Tim Willemse is an Associate Professor in the Formal System Analysis group of the Department of Mathematics and Computer Science at Eindhoven University of Technology (TU/e). Tim’s research focusses on applying, developing and scaling formal methods for designing correct and reliable systems. His research receives financial support from organisations such as NWO and the European Commission, and commercial parties, including ASML, Canon Production Printing and Verum. 

His group works on algorithms and theory for parity games and fixpoint logics, such as parameterised Boolean equation systems, and their application. Their theories and algorithms drive the model checking technology offered by mCRL2, a toolset for specifying and analysing (software controlled) systems.

Tim led the development of dedicated verification tooling for the software controlling the physics experiments at CERN. More recently, he developed the verification technology underlying the commercial model-driven software engineering toolset Dezyne, used on a day-to-day basis by the high-tech industry. 

The beauty and power of formal software analysis never cease to surprise.”

ACADEMIC BACKGROUND

Tim Willemse received his PhD and MSc in Computer Science from TU/e. In addition to his position at TU/e, Tim has a part-time affiliation with CERN, as a software engineer and researcher. He has also worked as a researcher at ASML and Radboud University, Nijmegen, the Netherlands. In both positions, he worked on Model-Based Testing techniques. Until December 2017, Tim was managing director of the national research school IPA. He is also a member of the Next Gen Board of the HTSC, and of the societies ACM SIGACT, ACM SIGLOG, EATCS, NVTI, IPA.

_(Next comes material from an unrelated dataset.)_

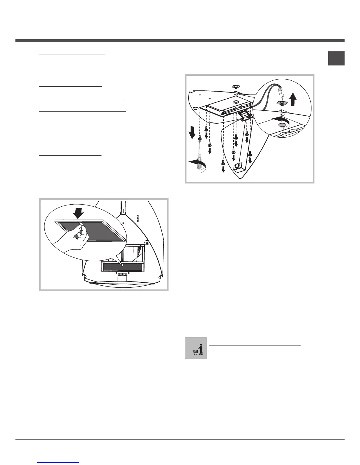 För att koppla ur det dra ut spärren och vrid filtret nedåt.

Tim has been involved in a wide range of research projects, including NWO-TOP project AVVA, a project on exploring the use of massive parallelism to speed up verification and the use of verification to assess the correctness of parallel programs. He was project leader on FP7 TTP VICTORIA, a project exploring the connection between the industrial language Dezyne and mCRL2, on the NWO project VOCHS, (verification of control software of the CMS experiment at the Large Hadron Collider) and on the NWO-project COMFORTS (verification of data-dependent and real-time systems).